Dieser Vereinigungsbeschluss liegt offenbar vor und er ist uns unbekannt. Deshalb ist eine Beurteilung natürlich einigermaßen schwierig. Das ist erst einmal kein Vorwurf, und zwar an niemanden.

Wenn allerdings - da es sich um eine Sache der Selbstverwaltungsorgane handelt - der Landtag mit diesem Thema befasst werden soll, dann bitte ich doch darum, dass man nicht von uns erwartet, dass wir uns blind hinter dem Minister versammeln. Das geht doch nicht.

Alle Beteiligten haben dem Ergebnis der Verhandlungen zugestimmt. Das haben wir heute mehrfach gehört. Aus dem Brief des Geschäftsführers der Landesversicherungsanstalt geht auch hervor, dass es dafür offenbar Gründe gab. Wenn wir also im Ausschuss reden wollen, müssen wir das ergebnisoffen tun und nicht mit diesem Beschluss im Rücken, der Ihnen jetzt schon die Freiheit gibt, so zu handeln, wie Sie handeln wollen.

Wenn ich und unsere Fraktion einem solchen Beschluss zustimmen sollen, dann möchten wir schon ein bisschen mehr darüber wissen dürfen. Bei einer Direktabstimmung können wir diesem Antrag unsere Zustimmung nicht geben, sondern wir würden ihn in den Ausschuss überweisen, um dort zunächst einmal nachfragen zu können, welche Spielräume es überhaupt gibt.

Der Hauptgrund, warum ich eigentlich nach vorn gegangen bin, Frau Liebrecht, ist der Vorwurf an die Gewerkschaften. Strukturreformen haben meines Wissens den Ansatz von Einsparungen, fast immer. Darüber kann man diskutieren. Der Hintergrund sind oftmals Personaleinsparungen. Ich befürchte, dass die Strukturreformen, die uns in Sachsen-Anhalt noch bevorstehen, alle ähnliche Ergebnisse haben werden. Dazu werden Sie dann die Zustimmung der Gewerkschaften haben wollen.

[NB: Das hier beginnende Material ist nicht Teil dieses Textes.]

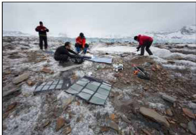
Preparing ice drill and solar panels for drilling on the edge of the Nordenskjöld Glacier.

ice on South Georgia. If the cores hold well-preserved records we also expect to be able to investigate them at sub-annual resolution, using our newly developed laser sampling technology to gain insight into what deep ice near the centre of South Georgia might hold for a climate record, in anticipation of proposed future ice core drilling.

Ich bin gespannt, wie Sie die kriegen wollen, wenn Sie hier solche Vorwürfe an die Gewerkschaften loslassen.

(Beifall bei der PDS)

Vielen Dank, Frau Dirlich. - Frau Liebrecht, Sie haben jetzt die Möglichkeit zu erwidern. Bitte sehr.

Frau Dirlich, es tut mir Leid, Sie haben mich nicht verstanden. Das ist insofern ein Vorwurf:

(Frau Dirlich, PDS: Doch, ich habe Sie verstan- den! Hören Sie auf, meine Intelligenz anzuzwei- feln!)

Die Vertreterversammlung hat einstimmig zugestimmt. Ich habe dargelegt, dass es jeweils 50 % Arbeitgeber und Arbeitnehmer sind und die Arbeitnehmer vielfach von den Gewerkschaften vertreten werden.

Sie haben nicht verstanden, was das letztlich heißt und was die Folgeerscheinungen sind. Wenn andere Länder - diese befassen sich schon lange damit - auch Fusionsverträge abschließen, kann man sich da auch einmal kundig machen. Denn die LVA Nord hat es vorgemacht und hat die unterschiedlichen Standorte gleichwertig berücksichtigt, nicht so wie bei uns.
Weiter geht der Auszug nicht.